BACKGROUND: Methotrexate, a folic acid antagonist with immunosuppressive properties, has been used to treat patients with primary biliary cirrhosis. The therapeutic responses to methotrexate in randomised clinical trials have been heterogeneous.

OBJECTIVES: To assess the beneficial and harmful effects of methotrexate for patients with primary biliary cirrhosis.

SEARCH STRATEGY: Relevant randomised clinical trials were identified by searching The Cochrane Hepato-Biliary Group Controlled Trials Register (June 2004), The Cochrane Central Register of Controlled Trials on The Cochrane Library (Issue 2, 2004), MEDLINE (January 1966 to August 2004), EMBASE (January 1980 to August 2004), and manual searches of bibliographies. We contacted authors of trials and pharmaceutical companies.

SELECTION CRITERIA: Randomised clinical trials comparing methotrexate with placebo, no intervention, or another drug were included irrespective of blinding, language, year of publication, and publication status.

DATA COLLECTION AND ANALYSIS: Our primary outcomes were mortality and mortality or liver transplantation. Dichotomous outcomes were reported as relative risk (RR) and hazard ratio (HR) if applicable. Continuous outcomes were reported as weighted mean difference (WMD). We examined intervention effects by using both a random-effects model and a fixed-effect model. Heterogeneity was investigated by subgroup analyses and sensitivity analyses.

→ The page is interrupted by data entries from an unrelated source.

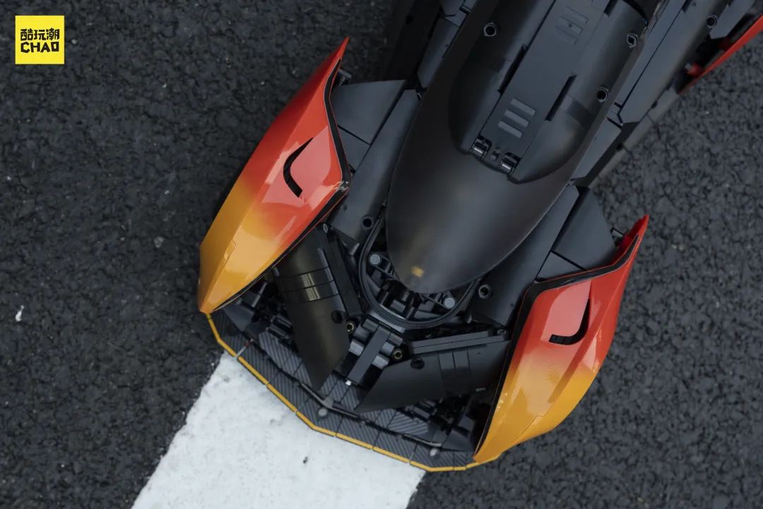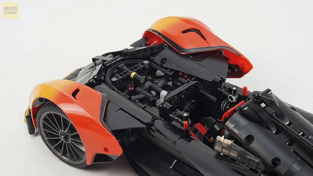 拼装完成后,迈凯伦Solus GT的模型令人惊叹。车身线条流畅,外观细节高度还原。前铲的设计充满攻击性,挡风玻璃的加入更是提升了整车的质感。这在积木赛车模型中并不多见,展现了品牌的创新思维。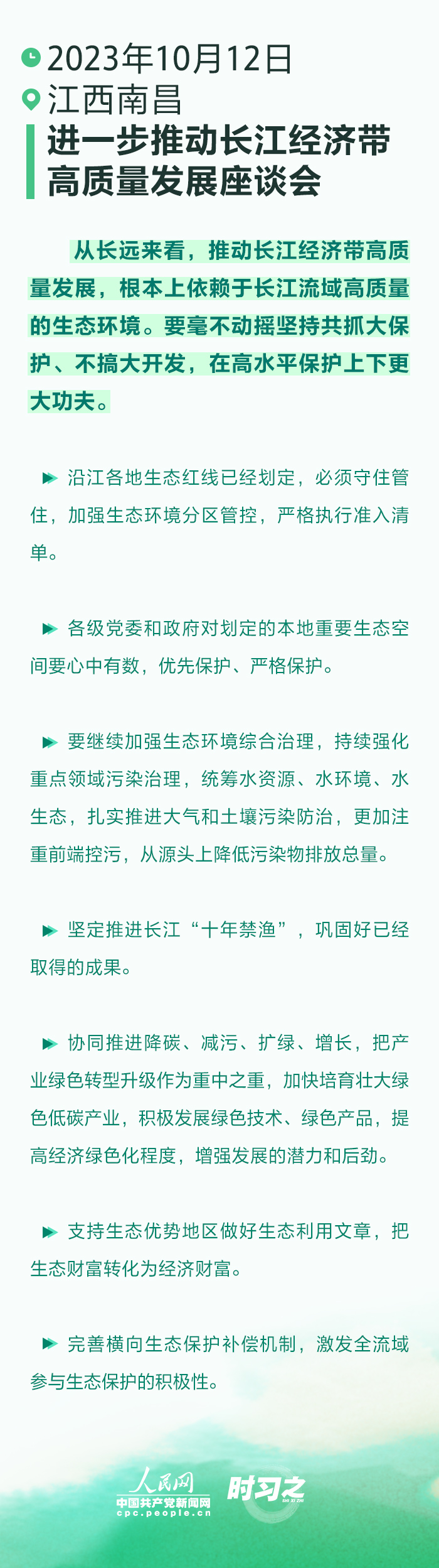 10月12日下午,習(xí)近平總書記在江西省南昌市主持召開進(jìn)一步推動長江經(jīng)濟(jì)帶高質(zhì)量發(fā)展座談會并發(fā)表重要講話。座談會上,總書記指出,從長遠(yuǎn)來看,推動長江經(jīng)濟(jì)帶高質(zhì)量發(fā)展,根本上依賴于長江流域高質(zhì)量的生態(tài)環(huán)境。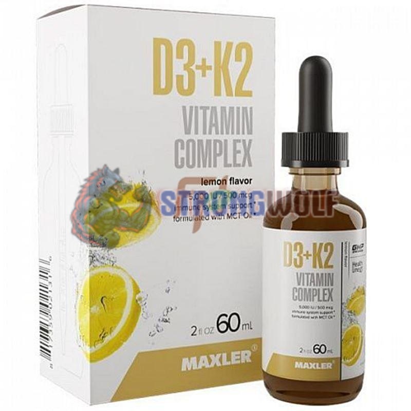 Комплексная пищевая добавка от бренда Макслер содержит жирорастворимые витамины Д3 и К2 в жидкой форме, растворенные в масле триглицеридов средней цепи (MCT) с натуральным вкусом лимона и натуральным подсластителем, без сахара.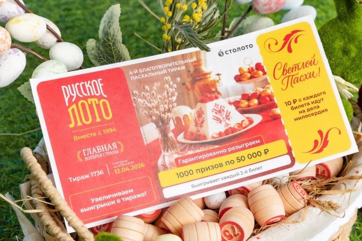 12 апреля в 8.20 утра будет разыгран очередной пасхальный тираж благотворительной лотереи «Русского лото» с джек-потом от 800 миллионов рублей!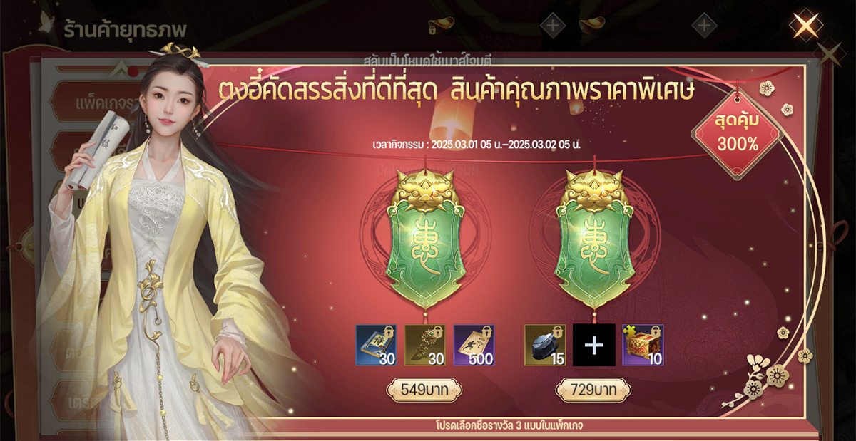 เลือกไอเทมได้ตามใจมีทั้ง แบบราคา 549 บาทและ 729 บาท ไฮไลท์ไอเทม หนังสืองภาพระดับสีฟ้า / วัตถุดิบสร้างอุปกรณ์สภาแดง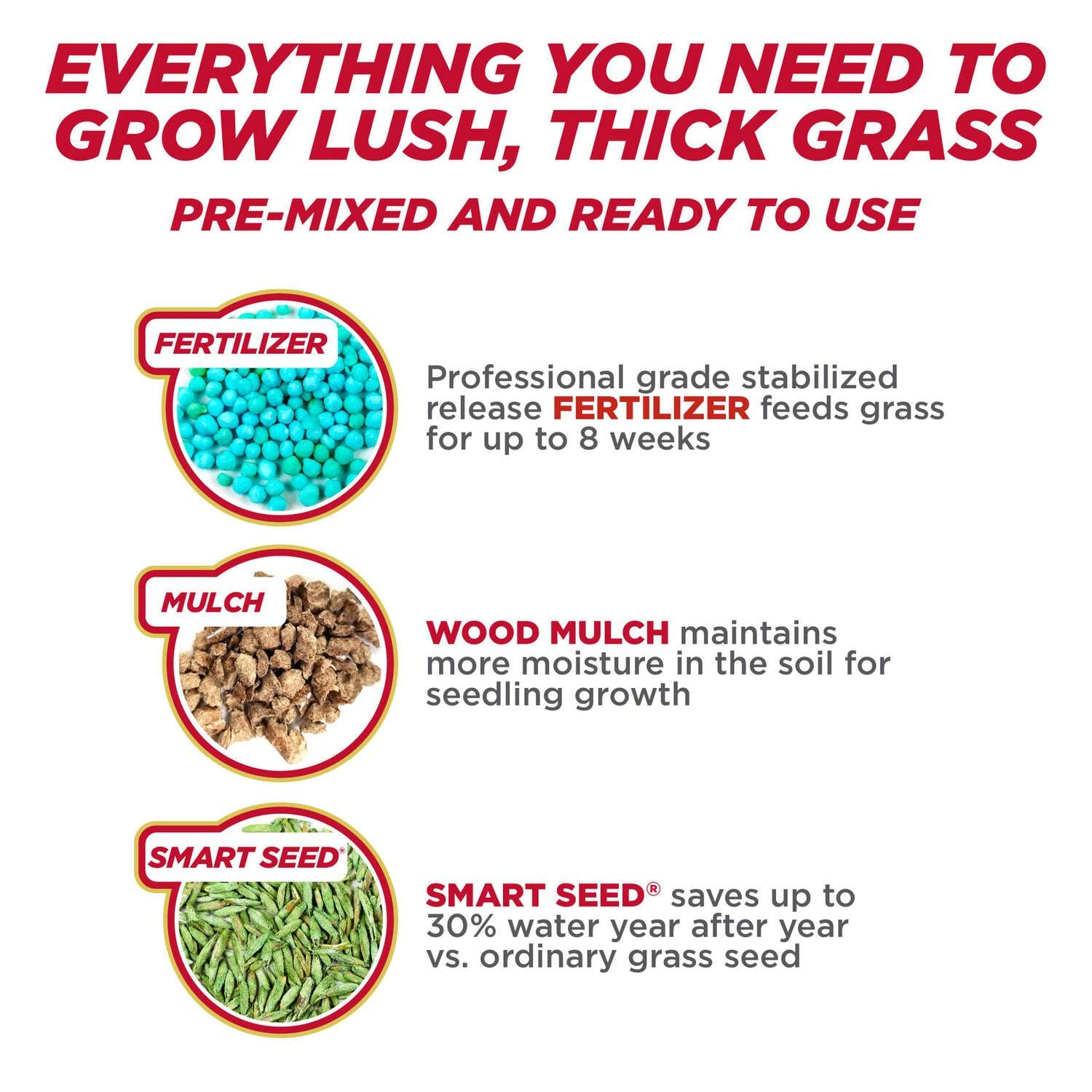 - Combination premium smart seed grass seed and professional-grade fertilizer and mulch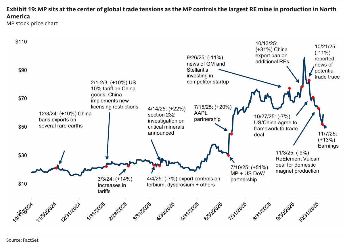 MP는 서반구에서 NdPr의 가장 큰 생산자로, 전기차, 전자제품, 국방 수요 등 미국 경제의 필수 부문에 사용되는 영구자석의 핵심 원료를 공급함.

MAIN RESULTS: We identified four trials (370 patients) that compared methotrexate with placebo with or without ursodeoxycholic acid as co-intervention. One additional trial (87 patients) compared methotrexate with colchicine without and later with ursodeoxycholic acid as co-intervention. The methodological quality of the trials was low. We did not find significant effects of methotrexate on pruritus, fatigue, liver complications, liver biochemistry, liver histology, or adverse events. The pruritus score (WMD - 0.68, 95% CI - 1.11 to - 0.25), the levels of serum alkaline phosphatases (WMD - 0.41, 95% CI - 0.70 to - 0.12) and plasma immunoglobulin M (WMD - 0.47, 95% CI - 0.74 to - 0.20) were significantly lower in the patients receiving methotrexate.

AUTHORS' CONCLUSIONS: Methotrexate increased mortality in patients with primary biliary cirrhosis. We do not recommend methotrexate for patients with primary biliary cirrhosis outside randomised trials.